EXERCISE BRIEF
Copy word for word the lines of the records below, beginning at the one with "в 4-х видах." and finishing at the one with "我校积极组织师生志愿服务队参", ends included, but none of the pictures.

DATASET
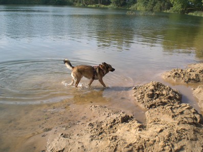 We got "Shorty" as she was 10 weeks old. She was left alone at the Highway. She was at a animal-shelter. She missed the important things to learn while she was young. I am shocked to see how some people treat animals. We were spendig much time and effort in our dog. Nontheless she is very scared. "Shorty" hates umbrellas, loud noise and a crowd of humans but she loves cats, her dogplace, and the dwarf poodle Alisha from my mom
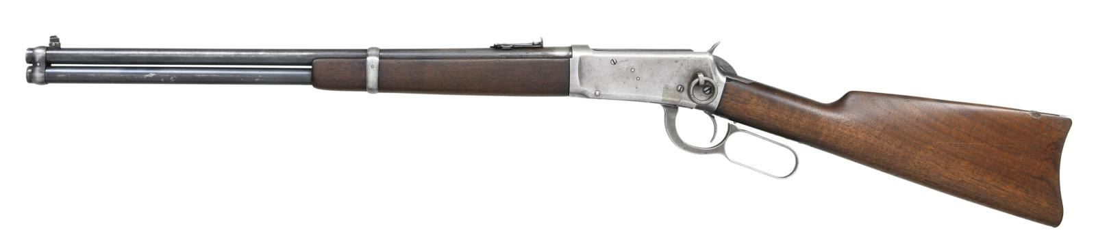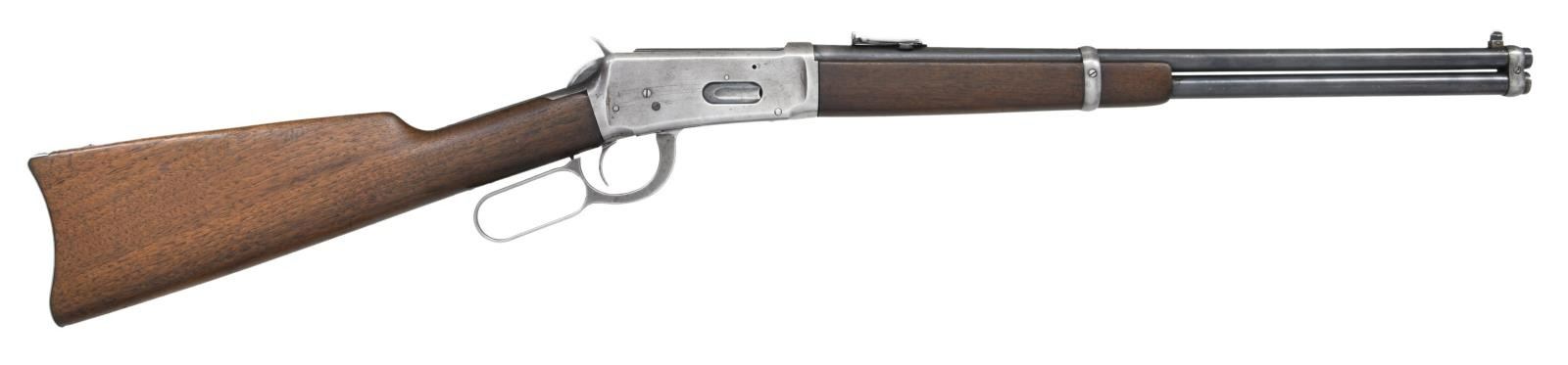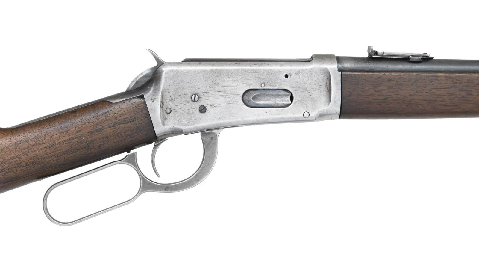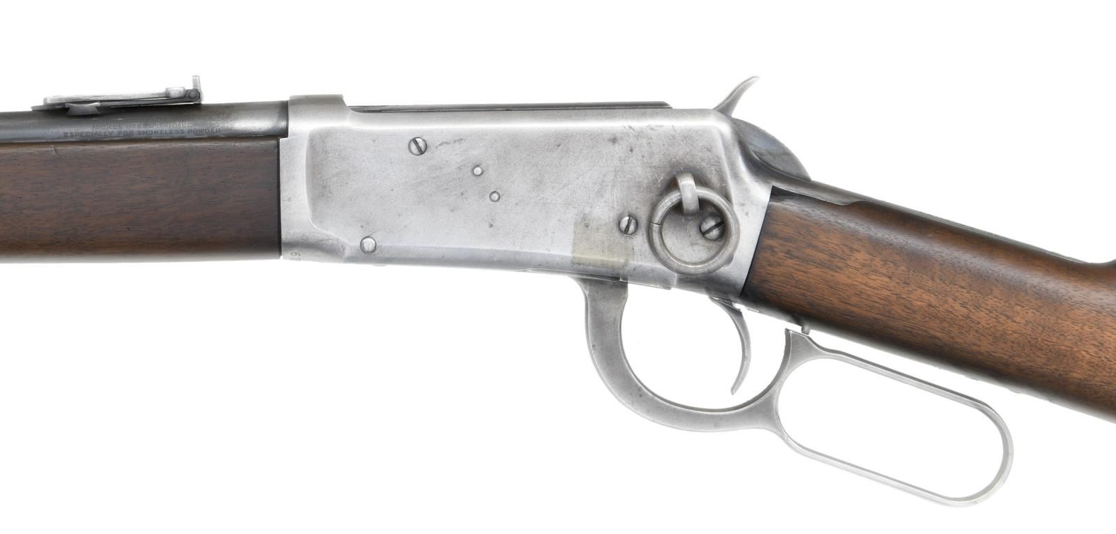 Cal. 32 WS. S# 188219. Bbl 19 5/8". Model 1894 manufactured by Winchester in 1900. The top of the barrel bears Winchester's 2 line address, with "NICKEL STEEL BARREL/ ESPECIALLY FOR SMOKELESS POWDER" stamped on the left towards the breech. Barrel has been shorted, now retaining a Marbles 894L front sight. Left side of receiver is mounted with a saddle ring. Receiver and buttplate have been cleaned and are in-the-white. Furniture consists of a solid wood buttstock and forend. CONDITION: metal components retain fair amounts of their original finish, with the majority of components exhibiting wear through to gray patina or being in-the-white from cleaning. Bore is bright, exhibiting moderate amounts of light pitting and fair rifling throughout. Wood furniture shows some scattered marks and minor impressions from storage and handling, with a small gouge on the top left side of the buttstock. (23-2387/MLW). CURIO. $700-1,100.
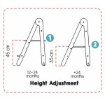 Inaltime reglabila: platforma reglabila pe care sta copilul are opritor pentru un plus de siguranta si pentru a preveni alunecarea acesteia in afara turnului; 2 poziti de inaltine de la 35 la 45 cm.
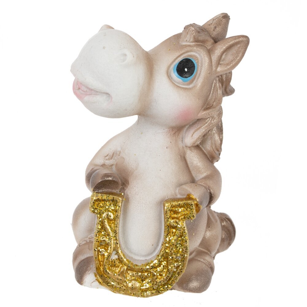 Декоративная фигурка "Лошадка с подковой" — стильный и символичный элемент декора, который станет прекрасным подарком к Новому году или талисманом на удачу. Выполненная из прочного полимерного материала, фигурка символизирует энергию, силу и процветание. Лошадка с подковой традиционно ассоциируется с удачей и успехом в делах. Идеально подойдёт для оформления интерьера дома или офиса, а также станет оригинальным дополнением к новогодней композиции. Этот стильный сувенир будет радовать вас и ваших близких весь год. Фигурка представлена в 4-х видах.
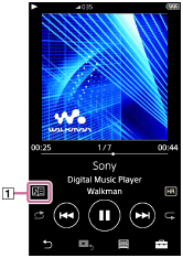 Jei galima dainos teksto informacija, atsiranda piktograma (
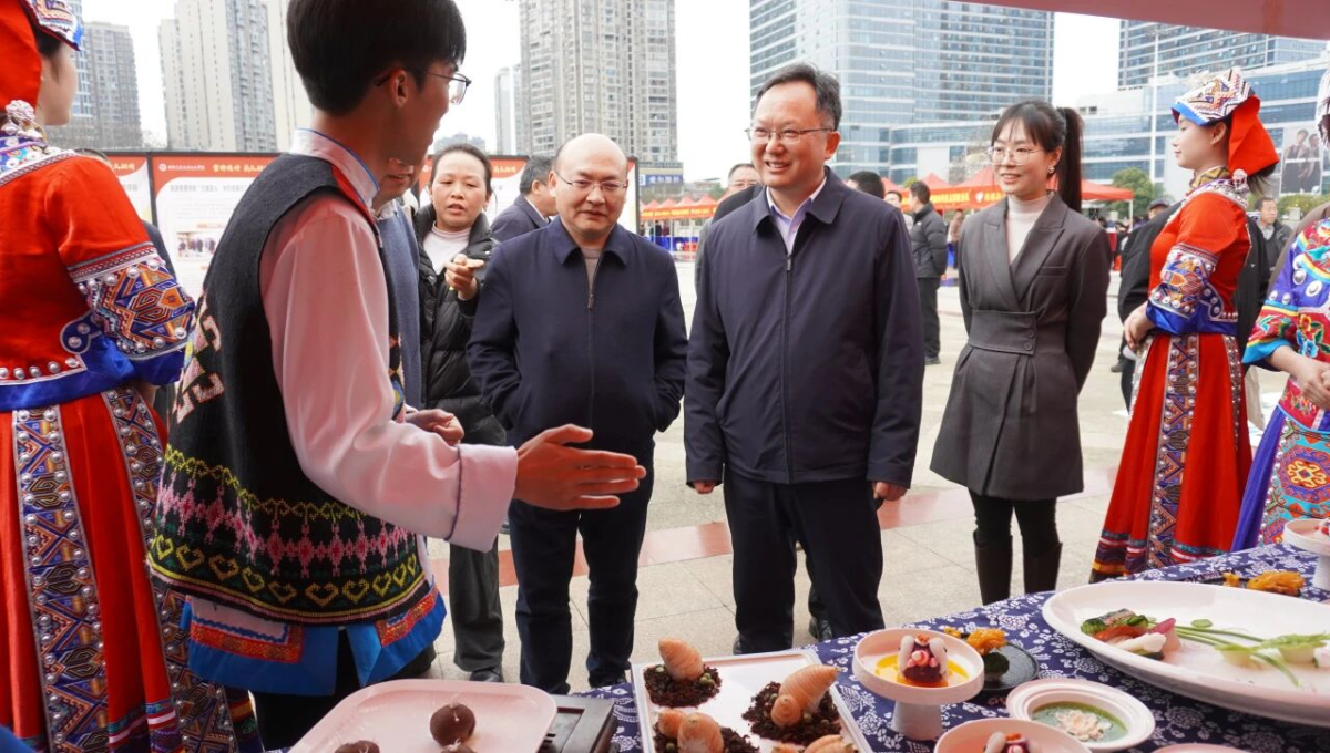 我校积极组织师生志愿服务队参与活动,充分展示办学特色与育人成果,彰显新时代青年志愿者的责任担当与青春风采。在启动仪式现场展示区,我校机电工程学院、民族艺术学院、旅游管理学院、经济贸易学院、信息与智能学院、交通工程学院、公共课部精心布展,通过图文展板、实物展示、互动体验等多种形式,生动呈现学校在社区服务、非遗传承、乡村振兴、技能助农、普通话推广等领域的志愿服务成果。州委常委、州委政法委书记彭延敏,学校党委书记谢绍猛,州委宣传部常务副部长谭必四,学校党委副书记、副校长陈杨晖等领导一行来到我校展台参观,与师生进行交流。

==

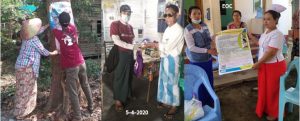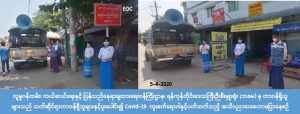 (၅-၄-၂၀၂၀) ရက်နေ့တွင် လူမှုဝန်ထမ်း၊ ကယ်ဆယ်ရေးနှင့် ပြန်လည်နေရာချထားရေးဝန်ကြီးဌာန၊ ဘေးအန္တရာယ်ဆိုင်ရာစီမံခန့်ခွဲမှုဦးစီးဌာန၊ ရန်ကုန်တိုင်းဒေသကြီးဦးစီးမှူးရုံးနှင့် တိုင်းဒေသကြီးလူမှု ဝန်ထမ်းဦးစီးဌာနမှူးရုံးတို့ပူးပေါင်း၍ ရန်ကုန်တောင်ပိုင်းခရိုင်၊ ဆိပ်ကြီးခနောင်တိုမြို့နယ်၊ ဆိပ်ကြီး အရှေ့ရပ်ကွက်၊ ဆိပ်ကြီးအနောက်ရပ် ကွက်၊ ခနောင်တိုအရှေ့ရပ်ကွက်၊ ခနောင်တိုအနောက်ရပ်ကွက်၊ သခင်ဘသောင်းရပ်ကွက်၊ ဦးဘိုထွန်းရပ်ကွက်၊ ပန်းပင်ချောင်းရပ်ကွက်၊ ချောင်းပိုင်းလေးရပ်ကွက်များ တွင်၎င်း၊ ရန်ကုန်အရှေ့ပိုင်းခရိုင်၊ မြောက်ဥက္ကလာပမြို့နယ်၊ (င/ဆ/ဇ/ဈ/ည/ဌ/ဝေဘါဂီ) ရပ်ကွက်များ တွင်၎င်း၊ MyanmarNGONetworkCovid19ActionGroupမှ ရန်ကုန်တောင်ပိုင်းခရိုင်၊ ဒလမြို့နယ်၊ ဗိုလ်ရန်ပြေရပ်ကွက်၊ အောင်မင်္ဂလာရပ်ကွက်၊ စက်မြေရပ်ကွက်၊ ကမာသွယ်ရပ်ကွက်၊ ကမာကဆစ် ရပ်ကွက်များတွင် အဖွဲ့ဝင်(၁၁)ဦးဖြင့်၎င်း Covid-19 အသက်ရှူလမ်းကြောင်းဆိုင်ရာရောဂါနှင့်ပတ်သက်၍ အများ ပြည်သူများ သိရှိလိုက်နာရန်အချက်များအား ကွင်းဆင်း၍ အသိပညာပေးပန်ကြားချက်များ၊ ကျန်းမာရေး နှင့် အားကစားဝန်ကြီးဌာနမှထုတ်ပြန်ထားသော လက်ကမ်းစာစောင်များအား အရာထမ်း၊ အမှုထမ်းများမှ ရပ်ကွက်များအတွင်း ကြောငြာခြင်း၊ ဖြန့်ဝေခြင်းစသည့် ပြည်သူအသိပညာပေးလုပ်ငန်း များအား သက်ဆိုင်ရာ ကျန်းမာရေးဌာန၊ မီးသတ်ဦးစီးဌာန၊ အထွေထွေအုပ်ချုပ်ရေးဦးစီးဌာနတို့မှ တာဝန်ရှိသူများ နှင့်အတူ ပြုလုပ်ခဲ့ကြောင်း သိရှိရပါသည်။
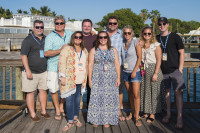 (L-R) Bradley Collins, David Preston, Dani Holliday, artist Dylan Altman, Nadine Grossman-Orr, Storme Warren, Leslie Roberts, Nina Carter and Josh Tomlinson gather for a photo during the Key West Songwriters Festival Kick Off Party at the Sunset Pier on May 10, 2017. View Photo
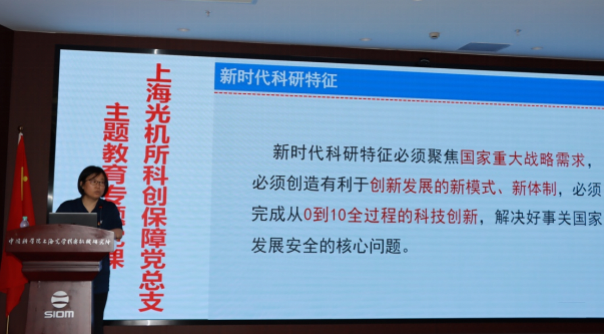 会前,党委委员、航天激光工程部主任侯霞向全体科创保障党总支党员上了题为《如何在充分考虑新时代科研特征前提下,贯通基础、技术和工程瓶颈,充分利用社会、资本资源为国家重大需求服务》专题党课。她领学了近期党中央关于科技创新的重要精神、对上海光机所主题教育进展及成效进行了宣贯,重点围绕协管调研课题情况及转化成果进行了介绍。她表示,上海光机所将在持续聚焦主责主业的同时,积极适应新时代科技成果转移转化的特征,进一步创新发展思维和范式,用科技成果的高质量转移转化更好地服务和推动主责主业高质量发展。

EXERCISE SOLUTION
 Декоративная фигурка "Лошадка с подковой" — стильный и символичный элемент декора, который станет прекрасным подарком к Новому году или талисманом на удачу. Выполненная из прочного полимерного материала, фигурка символизирует энергию, силу и процветание. Лошадка с подковой традиционно ассоциируется с удачей и успехом в делах. Идеально подойдёт для оформления интерьера дома или офиса, а также станет оригинальным дополнением к новогодней композиции. Этот стильный сувенир будет радовать вас и ваших близких весь год. Фигурка представлена в 4-х видах.
 Jei galima dainos teksto informacija, atsiranda piktograma (
 我校积极组织师生志愿服务队参与活动,充分展示办学特色与育人成果,彰显新时代青年志愿者的责任担当与青春风采。在启动仪式现场展示区,我校机电工程学院、民族艺术学院、旅游管理学院、经济贸易学院、信息与智能学院、交通工程学院、公共课部精心布展,通过图文展板、实物展示、互动体验等多种形式,生动呈现学校在社区服务、非遗传承、乡村振兴、技能助农、普通话推广等领域的志愿服务成果。州委常委、州委政法委书记彭延敏,学校党委书记谢绍猛,州委宣传部常务副部长谭必四,学校党委副书记、副校长陈杨晖等领导一行来到我校展台参观,与师生进行交流。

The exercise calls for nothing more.